If you just hide channels or print all 4 at the same time you can use the "auto" feature in screen setup and let PS choose optimum angles and frequencies. If you split to 4 separate files, each file will be grayscale and the auto feature will not be available.


----------



## jlcanterbury (Jul 26, 2007)

well I would just print them straight from photoshop, but for some reason when I select the "accurip to epson 1800" driver in photoshop it doesn't print... I don't know how to make it print in accurip from photoshop, so what i am havin g to do is save the file in photoshop, then open it in accurip and print it.

I may have gotten it to work... i went to image > apply image, then selected the channel and saved them as four seperate files and printed them... I will burn them and see how it works but i'm not sure if it's right or not.

It seems like there is too much of each color, like too much black on each film it doesn't seem like it will produce the right colors. Do your films look like they would apply too much of each color?


----------



## rrc62 (Jun 2, 2007)

jlcanterbury said:


> It seems like there is too much of each color, like too much black on each film it doesn't seem like it will produce the right colors. Do your films look like they would apply too much of each color?
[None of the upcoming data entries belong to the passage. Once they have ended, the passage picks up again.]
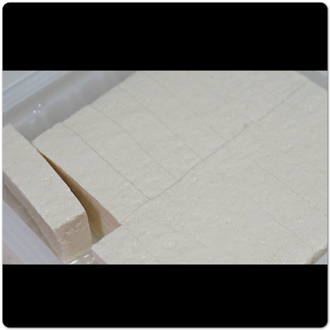 멸치 육수를 끓이고 있을 때 다른 재료를 손질해주면 됩니다. 일단 두부는 먹기 좋은 크기로 썰어서 준비하면 됩니다. 팩에 들어가있는 상태에서 칼로 먹기 좋은 크기로 쓱쓱 썰어주면 됩니다.
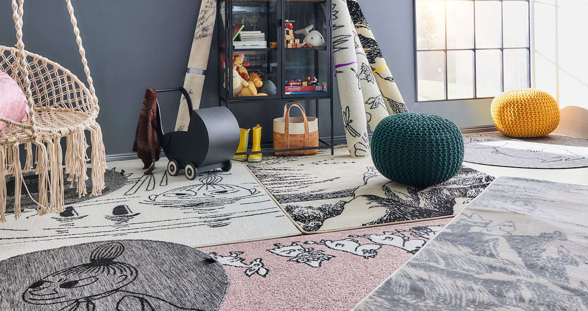 Harmaapohjaisissa matoissa seikkailevat sympaattinen Muumipeikko, ilkikurinen Pikku Myy sekä ärhäkkä Haisuli. Matot antavat leikkeihin hyvän pohjan, sillä niiden liukuestepohjaus pitävät ne paikoillaan hurjemmissakin seikkailuissa. Pölyämättömät matot ovat kestäviä ja helppohoitoisia, eivätkä ne ole moksiskaan villimmästäkään menosta. Kun vielä suojaat matot Softcare Mattosuojalla, lähtevät leikin tiimellyksessä ilmestyneet tahrat helpommin pois. Mustavalkoisissa malleissa on kuvituksia suosikkitarinoista. Vekkuleissa Rannalla-matoissa Pikku Myy kelluu lumpeiden keskellä ikään kuin leikkiin kutsuen. Taikurinhattu-tarinan otteessa on syytä olla hiukan varuillaan, ettei leikki käy liian jännittäväksi pienimmille. Tutkimusmatka-matossa on jo melkoinen meno, kun koko Muumilaakson väki marssii veikeästi ympäri maton reunaa. Mattojen koot 133 x 190 tai pyöreä halkaisijaltaan 130 cm.
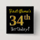 Black, Faux Gold 34th Birthday, With Custom Name 15 Cm Square Badge
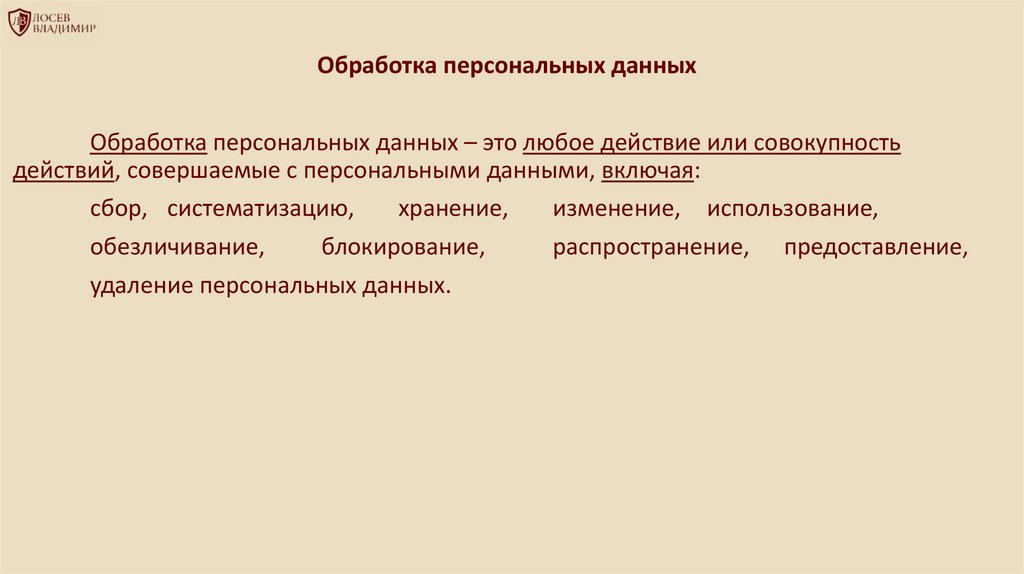 оператора (организации, индивидуального предпринимателя), связанных с обработкой
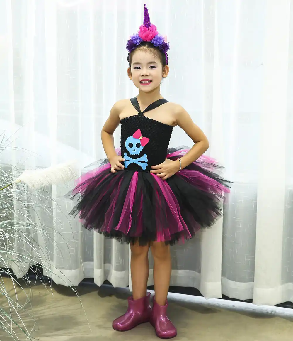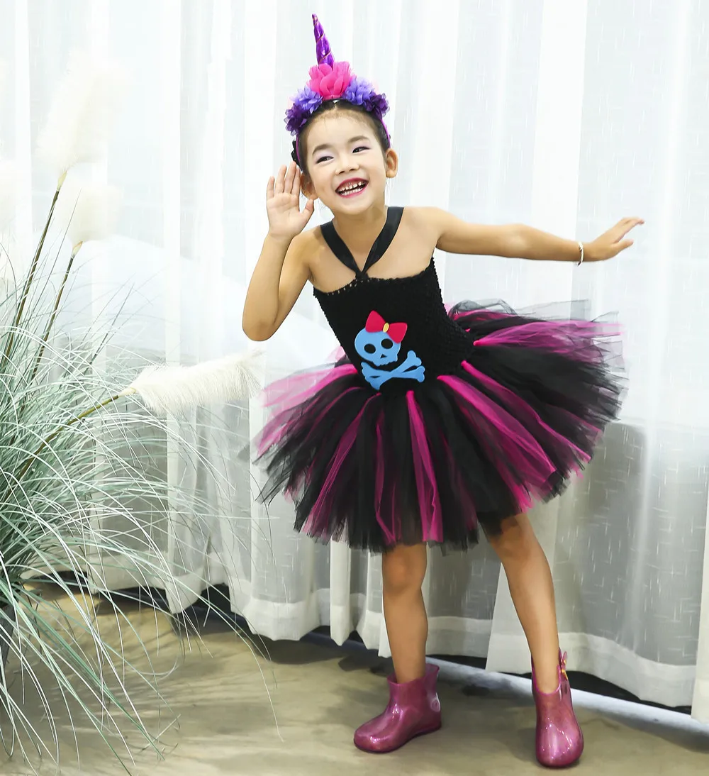 Girl Rock Star Halloween Scary Skull Cosplay Tutu Dress For Baby
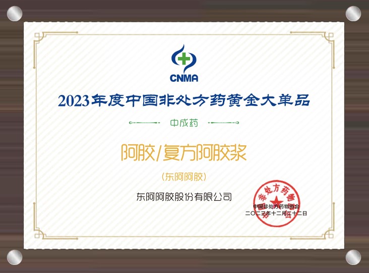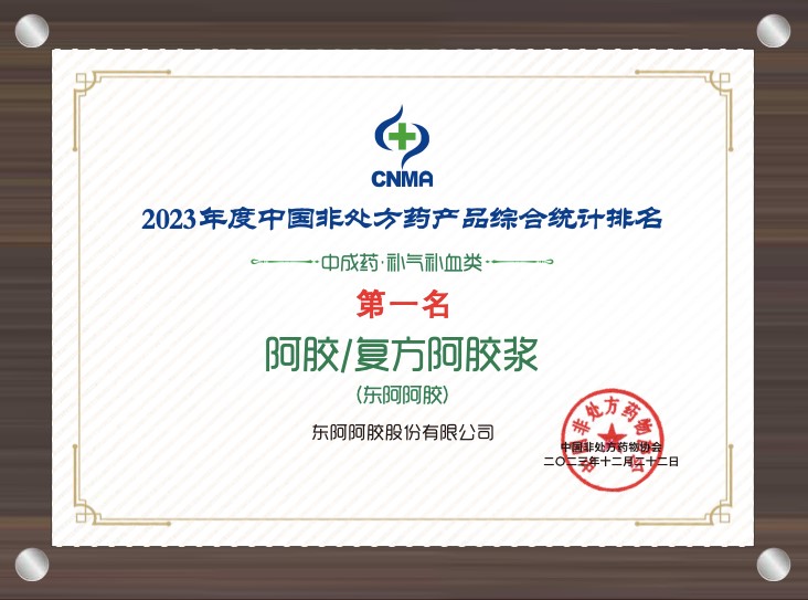憑借強(qiáng)勁的綜合實(shí)力和出色的產(chǎn)品市場表現(xiàn),東阿阿膠榮獲2023年度中國非處方藥產(chǎn)品中成藥綜合統(tǒng)計(jì)排名補(bǔ)氣補(bǔ)血類第一名,核心產(chǎn)品阿膠/復(fù)方阿膠漿入選“2023非處方藥黃金大單品”名單。
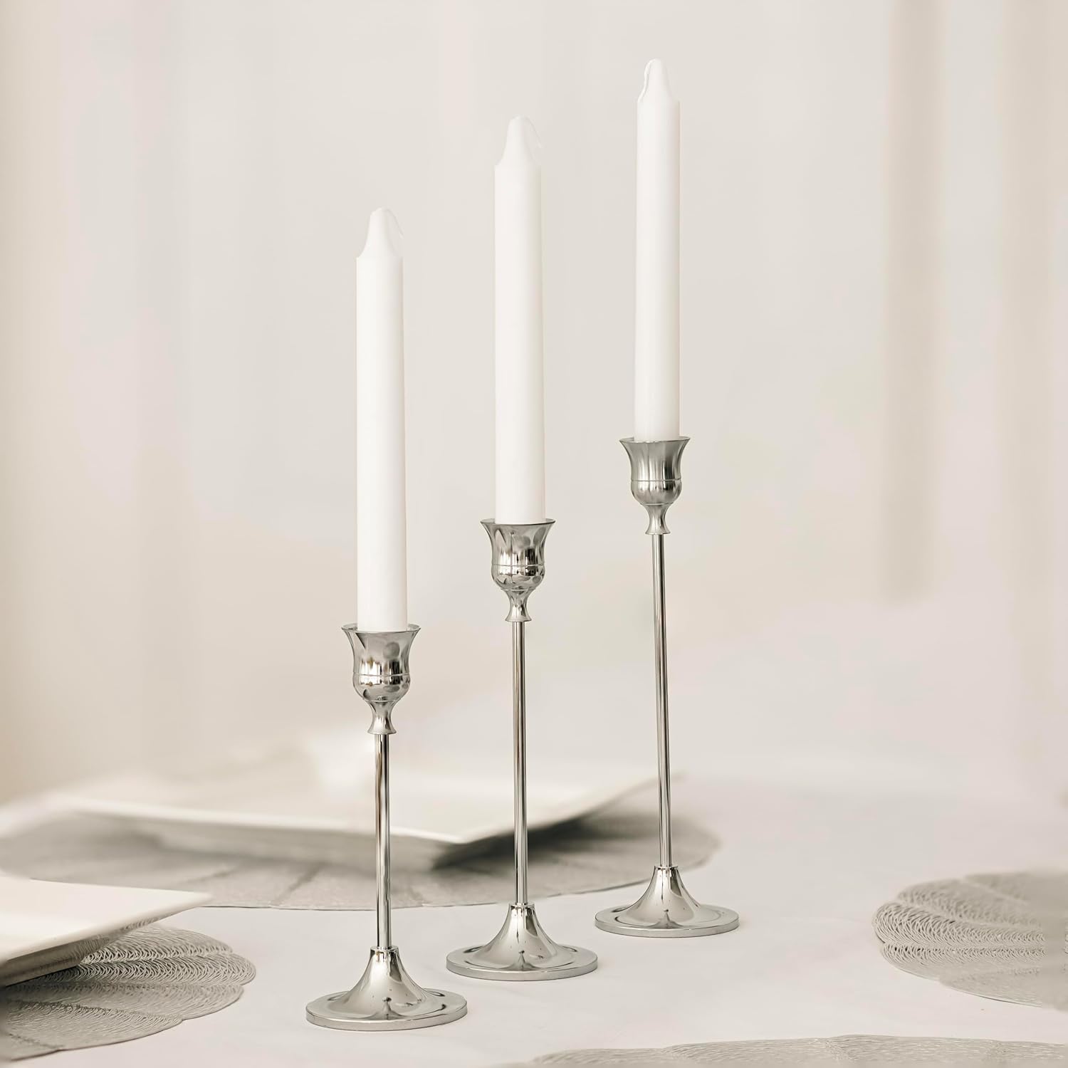 3 Pack Silver Candlestick Holders with Unscented Taper Candle
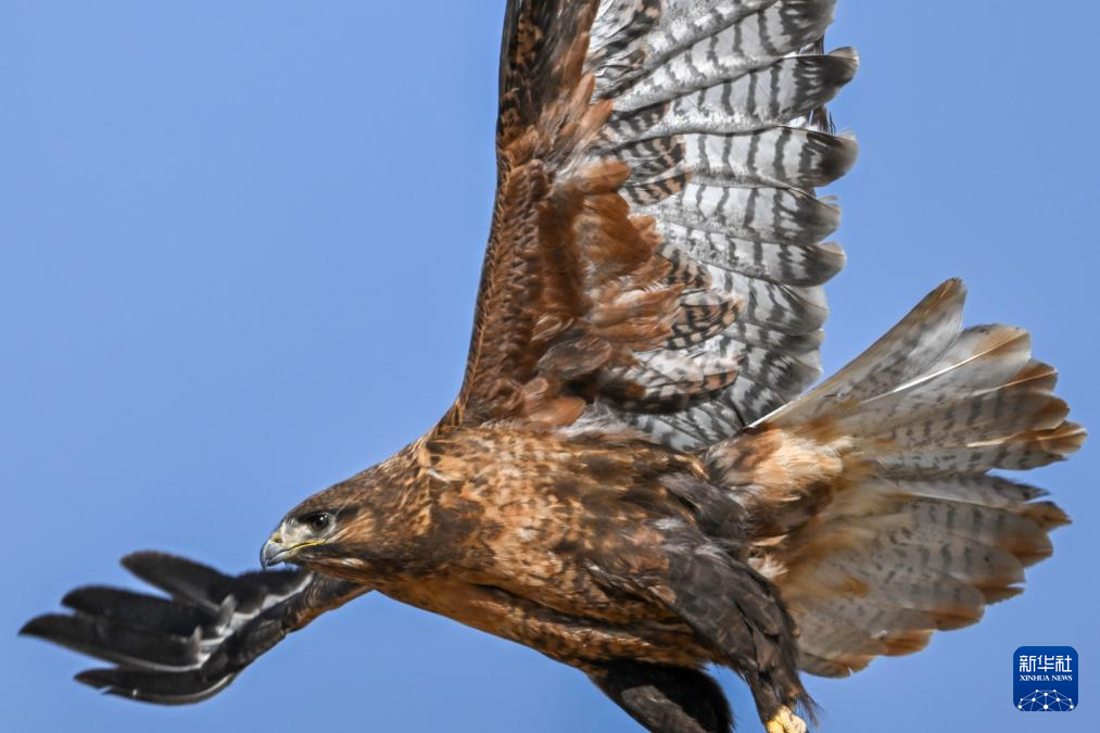 一只大鵟在羌塘草原展翅飛翔(6月8日攝)。新華社記者 劉金海 攝  ??

It looks that way but it works out fine most of the time. If you do end up with too much ink you can adjust the dot gain to compensate. If you search for posts by Imageit regarding 4 color process, he has a posted a screen shot image of the dot gain profile he uses. I tried the same profile with good results.


----------



## pixelproof (Apr 29, 2008)

Hi guys,

I'm new on this forum.
Just following up on the thread...

Can you use lower LPI from your screen if you print?
and what is the best angle to use?

Thanks,
JER


----------



## tripleogsmalls (Jul 31, 2008)

I just cant flat get accurip to print our image the right orientation. It seems to turn it the wrong way everytime. If you disturb the job your likely to get 30 pages of random code looking printing? Is there some trick to printing to anm epson 3000? I figured it would be pretty universal but we can't seem to get accuripo to work most of the time? Any help would be greatlyt appreciated. Thanks in advance.


----------



## savagecat45 (Jun 17, 2008)

53 lpi is a good start.. you may knock it down to 43 but it'll lose some quality. keep it at a 22.5 angle.


----------